Rupert Murdoch’s public slap down of the new acting Sunday Times editor Martin Ivens over the publication of Gerald Scarfe’s cartoon of Benjamin Netanyahu raises a number of important issues.

One is that all of the editors in Murdoch’s News Corp media empire have been made aware of the danger that when they next find themselves mired in a controversy and fighting to protect their editorial reputation the boss might use his favourite social media network to cut them down at the knees.

It seems inevitable that those editors will be more likely than in the past to try to second guess the views of a man who assured the Leveson Inquiry that he does not interfere in the editorial content of his papers.

As Ivens sought to justify the drawing, published in the first edition of the Sunday Times since he was made acting editor last week, Murdoch took to Twitter to offer his apology for the “grotesque, offensive cartoon” showing Netanyahu apparently building a wall and using Palestinian blood for mortar.

The comments raise questions about the future of Scarfe at the Sunday Times, a title that has published his drawings for almost half a century. Ironically, some more jealous members of Britain’s cartoon artist community sometimes complain of Scarfe’s apparently cushy lifestyle in Chelsea, married to the cake-baking actress Jane Asher. Well, no one could say his latest piece isn’t controversial. He may well have enjoyed Murdoch’s critique of his work.

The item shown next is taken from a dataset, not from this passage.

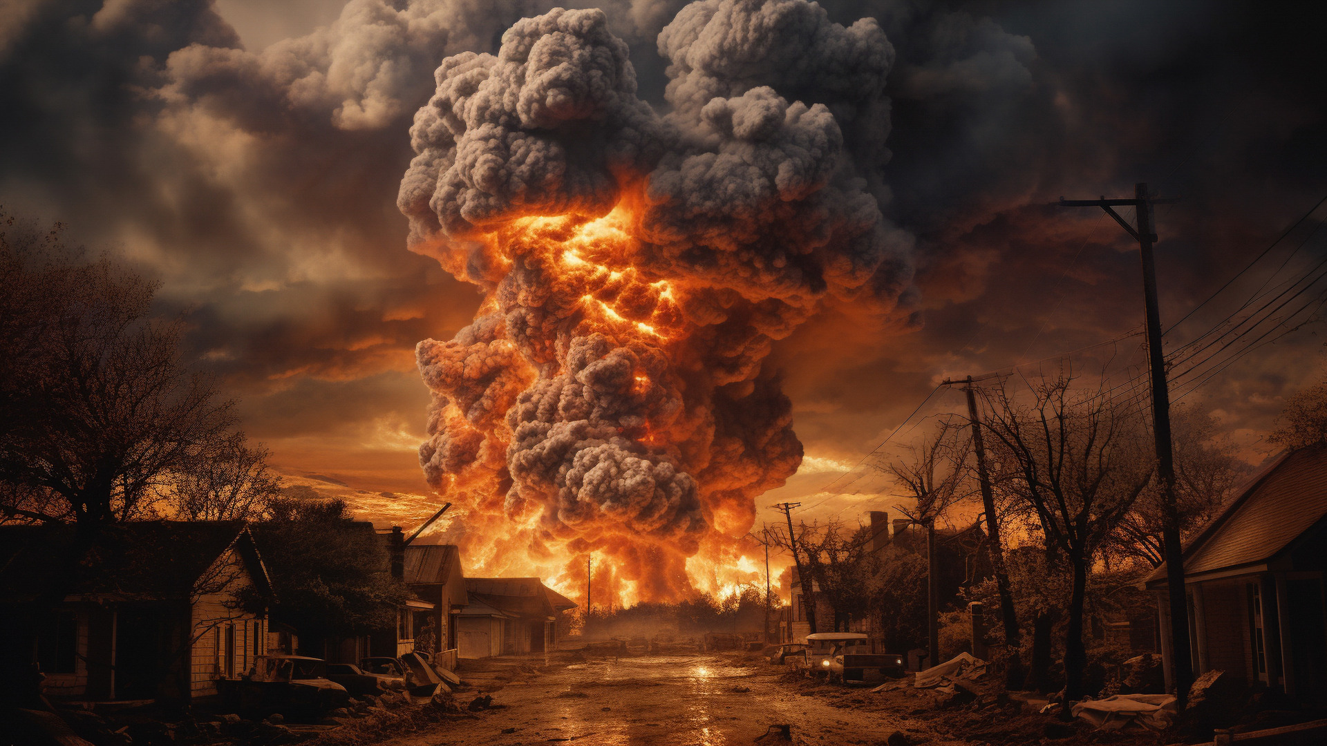 Дым от взрыва над заброшенной улицей с разрушенными домами и голыми деревьями на фоне темного неба с оранжевым заревом 00 В закладки Скачать Хорошие качество Маленкое качество 16-09-25 24 Теги: 1920x1080, full hd, hd, деревья, дома, дым, небо, нейросеть, облака, огонь, широкоформатные Комментарии (0) Написать Прокомментировать Введите код с картинки: Отправить Похожее видео: 16-09-25 Девушка в черном костюме держит светящийся меч, позирует на фоне поля с деревьями и утреннего солнца 16-09-25 Каменный фонарь стоит у темного водоема, отражающего зеленые кроны деревьев, на фоне пышной растительности и высоких деревьев 16-09-25 Желто-черный спорткар Lamborghini Fenomeno (FENOMENO) на блестящей поверхности, на фоне ярко-желтой стены и темного пространства 16-09-25 Акварельный рисунок уютного дома на берегу озера, окруженного деревьями, горами и цветущими растениями 16-09-25 Модель Victoria в светлой кофточке и в джинсах стоит с приподнятыми руками на дороге на фоне водоема и пасмурного неба 16-09-25 Песчаные дюны с сухой травой, за ними бушующий океан с двумя скалами и массивными слоистыми утесами, на фоне грозового неба с молнией и лучами солнца 16-09-25 Мужчина и женщина сидят, обнявшись, на крыше, рядом горящие свечи, на фоне вечерней панорамы города с огнями и закатного неба 16-09-25 Мужчина Гоку / Goku из аниме Драгонболл / Dragon Ball в оранжевом костюме стоит на скале, глядя вдаль, на фоне гор, тумана, восходящего солнца и неба

This Twitter intervention will have been noted by those powerful friends who feel they have the ear of the world’s most famous media mogul. If Rupert can be persuaded to publicly embarrass the Sunday Times then perhaps he can be induced to denigrate other News Corp content that angers those in his circle, from Republican politicians to climate change sceptics?

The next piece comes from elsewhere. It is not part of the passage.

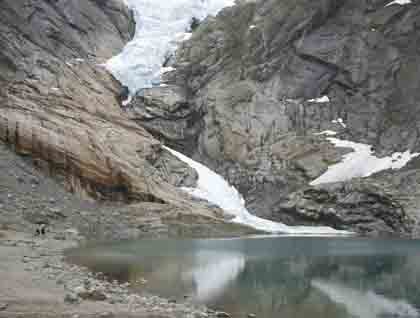 Briksdal Glacier has retreated dramatically since the latter part of the 18th century. A series of signposts at points along the trail indicate its former extent and successive stages of retreat. The meltwater lake below it now reflects a much diminished ‘river of ice,’ one modified element in an ever changing landscape.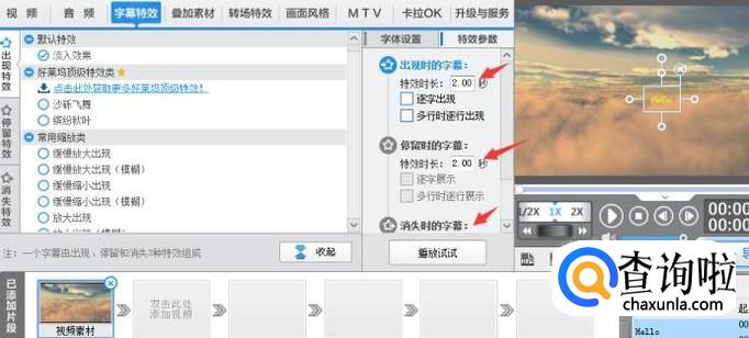 分别在“出现时的字幕”、“停留时的字幕”和“消失时的字幕”下的“持续时长”框框内输入持续时间

The episode also gives an indication of the power of the Israel lobby in challenging critical media coverage of its politicians. The Independent experienced something similar when cartoonist Dave Brown depicted then Israeli Prime Minister Ariel Sharon as a child killer in his adaptation of Goya’s “Saturn Devouring His Son” in 2003. Campaigners generated a flood of complaints to the Press Complaints Commission, which rejected the idea that the cartoon was anti-Semitic.

The Middle East is probably the most difficult territory for any global news organisation to cover. My attention was recently drawn to Al Monitor, an ambitious website that pulls together the commentary of distinguished writers from across the region, with articles offered in Hebrew, Arabic and Turkish, as well as English, and covering social as well as political developments.

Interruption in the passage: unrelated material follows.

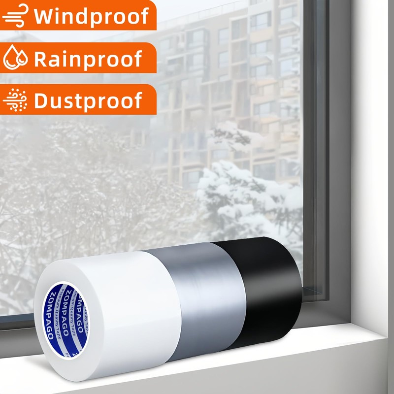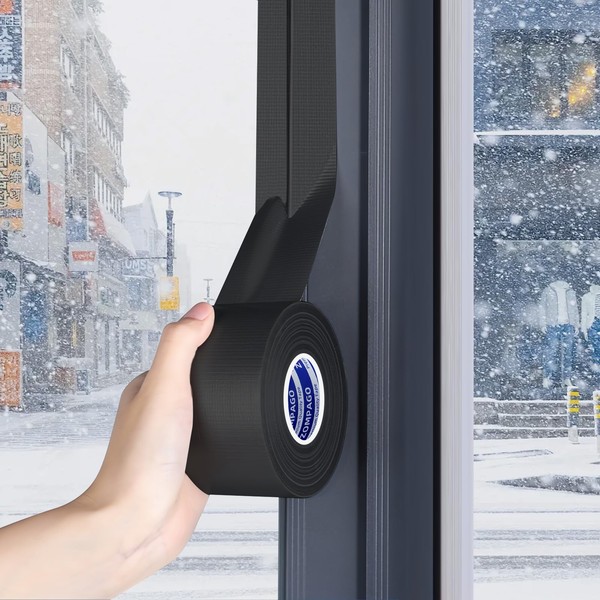ZOMPAGO Cloth Duct Window Seal Tape for Winter, 2.36in x 33FT, Weather Stripping Sealing Insulation Tape for Windows and Door, Strong Adhesion Draft Blocker Black

But the area remains a media minefield. It’s interesting to note the approach of the Daily Mail, which despite the enormous scope of its website and the strengths of its editorial department, essentially steers clear of the subject.

Some might call that an abdication of journalistic responsibility while others would recognise the business sense of avoiding a live hand grenade of a topic which brings no obvious commercial benefit to the publisher. Which is why the paper and its website have ignored this Netanyahu story, uncomfortable as it is for one of its greatest media rivals.